# Records for the task
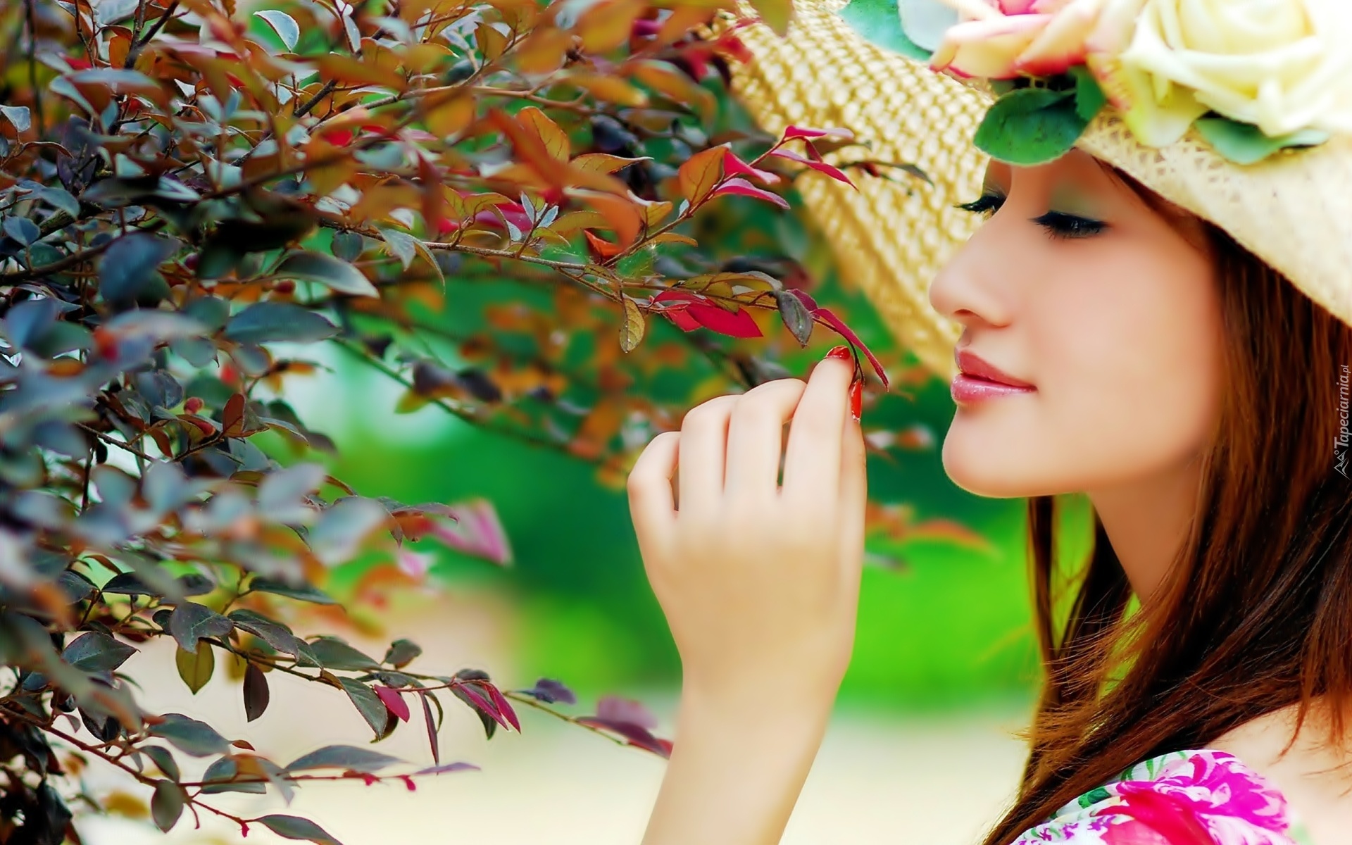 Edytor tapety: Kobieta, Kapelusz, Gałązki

---

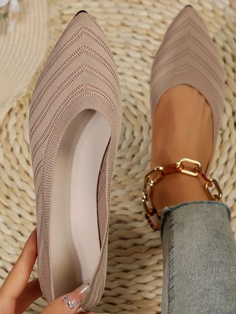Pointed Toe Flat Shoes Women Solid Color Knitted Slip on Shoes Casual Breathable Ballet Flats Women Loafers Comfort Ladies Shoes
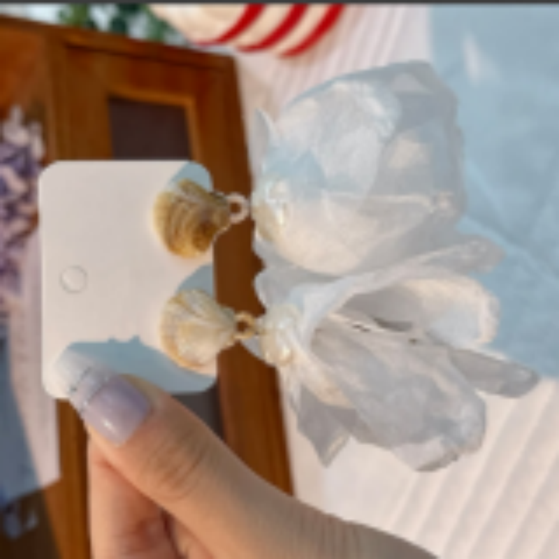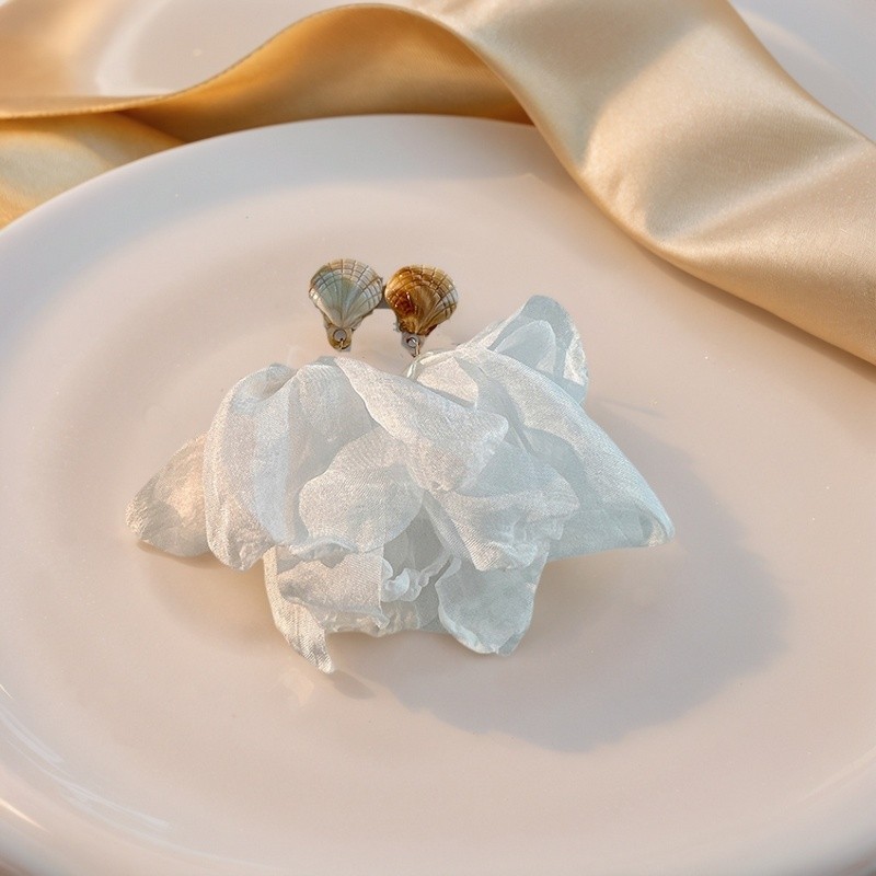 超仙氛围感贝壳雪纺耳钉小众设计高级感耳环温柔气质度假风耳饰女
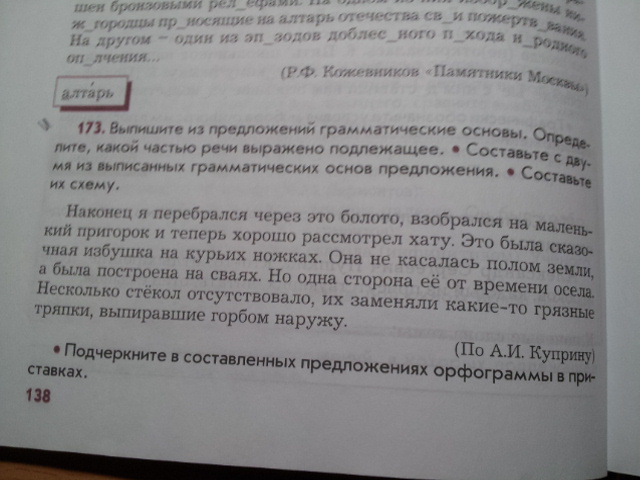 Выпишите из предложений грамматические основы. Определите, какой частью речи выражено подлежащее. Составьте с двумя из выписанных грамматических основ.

# Work order
Lines wanted from the entries above: the one with "Pointed Toe Flat", the one with "Выпишите из предложений", and all lines between. Please copy them exactly, without the pictures and without anything else.

# Response below
Pointed Toe Flat Shoes Women Solid Color Knitted Slip on Shoes Casual Breathable Ballet Flats Women Loafers Comfort Ladies Shoes
 超仙氛围感贝壳雪纺耳钉小众设计高级感耳环温柔气质度假风耳饰女
 Выпишите из предложений грамматические основы. Определите, какой частью речи выражено подлежащее. Составьте с двумя из выписанных грамматических основ.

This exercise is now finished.